We live in a world where every village has a Wikipedia entry. But in other areas, there are a large number of local problems where the resources needed to raise awareness about the problem are a substantial fraction of the resources needed to solve it. In these cases, working on it immediately can be more effective than trying to get it properly prioritized and allocated to the most efficient person.
For comparison, consider personal productivity. The philosophy of Getting Things Done is all about moving tasks into a centralized system so you can do them at an optimal time. But, there’s an exception: if something takes less than two minutes, you should do it now.
In altruism, this looks like: If you see someone bleeding on a deserted street, you call 911 instead of weighing its impact it against all the phone calls to Congress you should be making. But it also applies in cases where the cost/benefit ratio is less extreme.
This is most evident in obscure political causes. Suppose you’re a skilled professional whose time is worth $100/hour. One day, you realize that your local town council can produce 10 million utilons by adopting policy X. You think you can convince them to adopt this policy by spending 500 hours running a campaign. But, an experienced campaign manager whose time is worth $80/hour could do it in 250 hours. If you do it: $50,000 for 10 million utilons. If he does it: $20,000 for 10 million utilons. Profit!

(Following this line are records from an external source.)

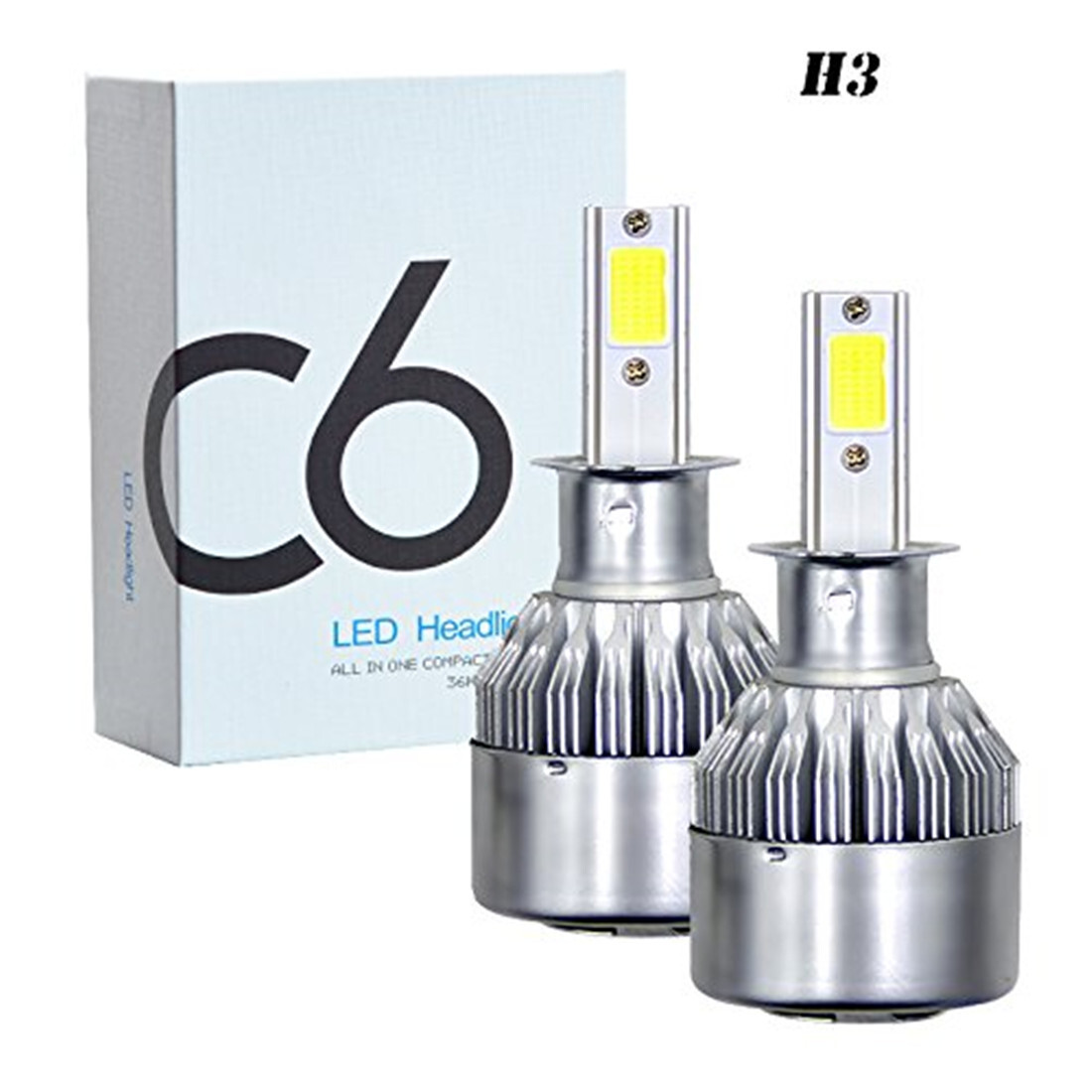 - H3 LEDヘッドライト C6 LEDフォグランプ COBチップ DC12V 72W 7600LM 3000K イエロー LEDバルブ 2本セット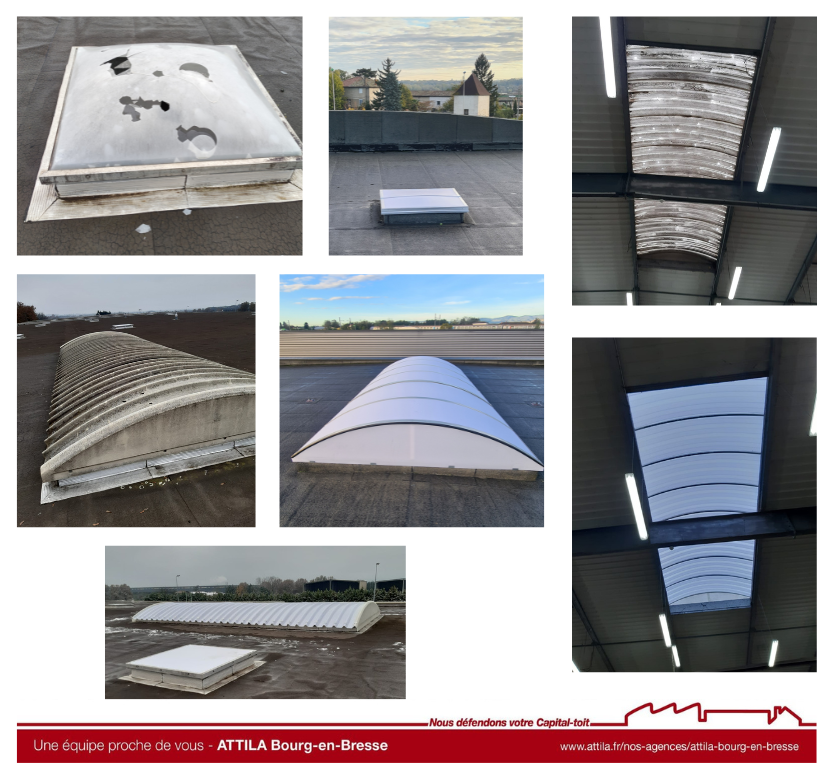 Les équipes de l’agence ATTILA BOURG-EN-BRESSE vous accompagnent et vous conseillent sur votre projet d’apport de lumière pour vos bâtiments ou habitations. Comme lors de cette intervention où il a été recommandé au client de remplacer complètement les lanterneaux et voûtes éclairantes après un épisode de grêle !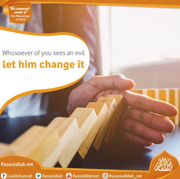 “Whosoever of you sees an evil, let him change it with his hand; and if he is not able to do so, then [let him change it] with his tongue; and if he is not able to do so, then with his heart — and that is the weakest of faith.”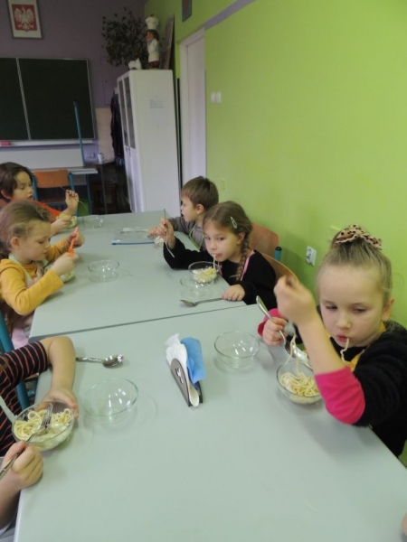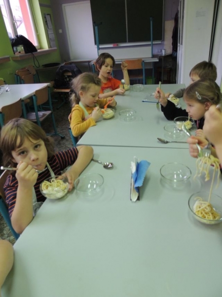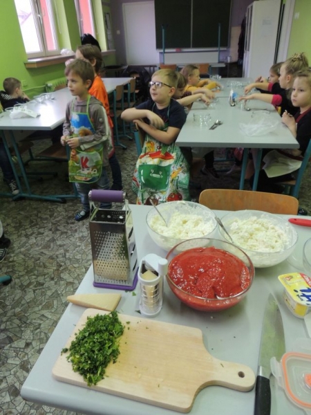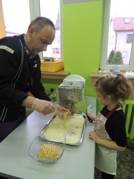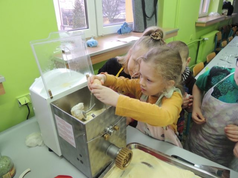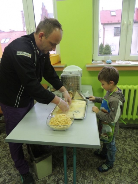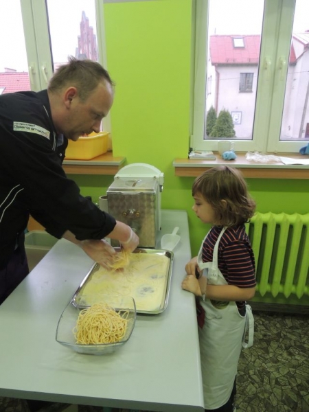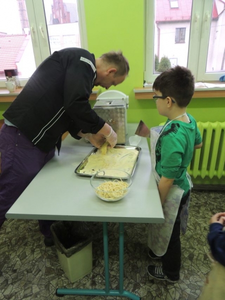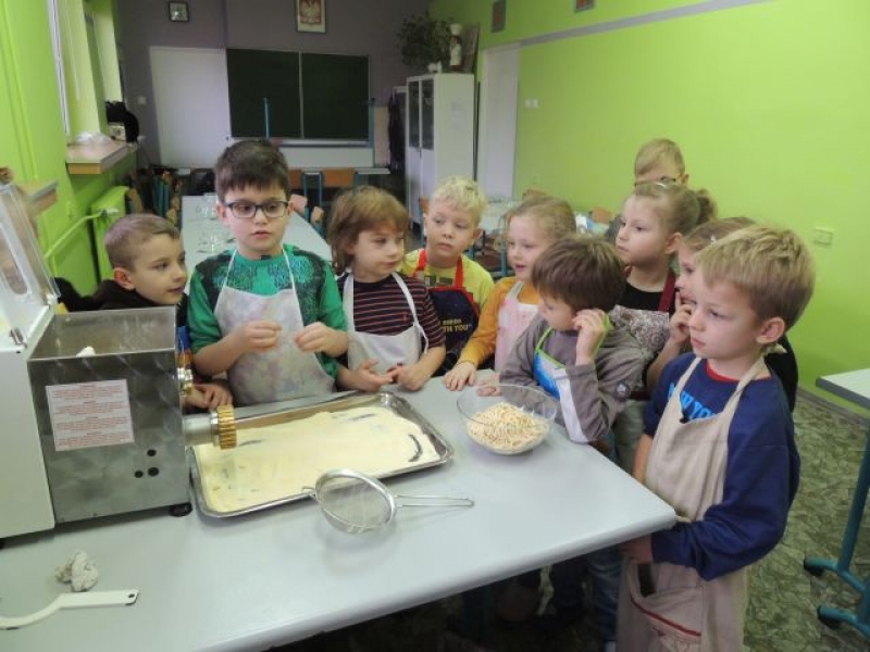 Klasa Ia podczas, kolejnych już w tym roku szkolnym, zajęć kulinarnych wykonała „domowej roboty” makaron. Naszą klasę odwiedził tata jednej z uczennic Pan Maciej Jastrzemski i wspólnie z dziećmi przygotował przepyszne dania. Pan Maciej z pełnym profesjonalizmem pokazał nam jak przygotować zdrowy i smaczny posiłek. Do szkoły została przywieziona specjalna maszynka do ugniatania ciasta, która jednocześnie służyła do wytwarzania różnych gatunków tego włoskiego przysmaku. Dzieci były zachwycone możliwością uczestniczenia w tak nietypowych zajęciach.

But what if you need to spend 50 hours finding and interviewing candidates for the campaign manager, and another 100 hours explaining the problem to him and introducing him to important people in your town? Now you’re up to $35,000 for the campaign manager. And what if there’s a 100% chance of success if you do it yourself, versus only a 70% chance if you try to hire someone else (who, of course, may not be as good as his resume claims)? Now you’re looking at 200 utilons/$ in expectation whether you do it yourself or hire someone. If you’re at all risk-averse, then…..this is how it can make sense for a professional engineer to wind up running a political campaign.
So, the problems of cause-neutrality are the same as the problems of delegating any other task. Risk, transaction costs, and management can eat up all the efficiency gains.
This idea means you should weaken the recommendations of cause-neutrality to: spend resources on your pet causes in an amount inversely proportional to how well-known the cause is. If you have a burning hatred of cancer because it killed your parents, you should probably still give your money to malaria organizations rather than cancer researchers. But if there’s an epidemic of salmonella in a small town you’re visiting and you happen to be a famous doctor, it can still be effective to spend time helping salmonella patients rather than trying to bring in nurses so you can go do famous-doctor-y things.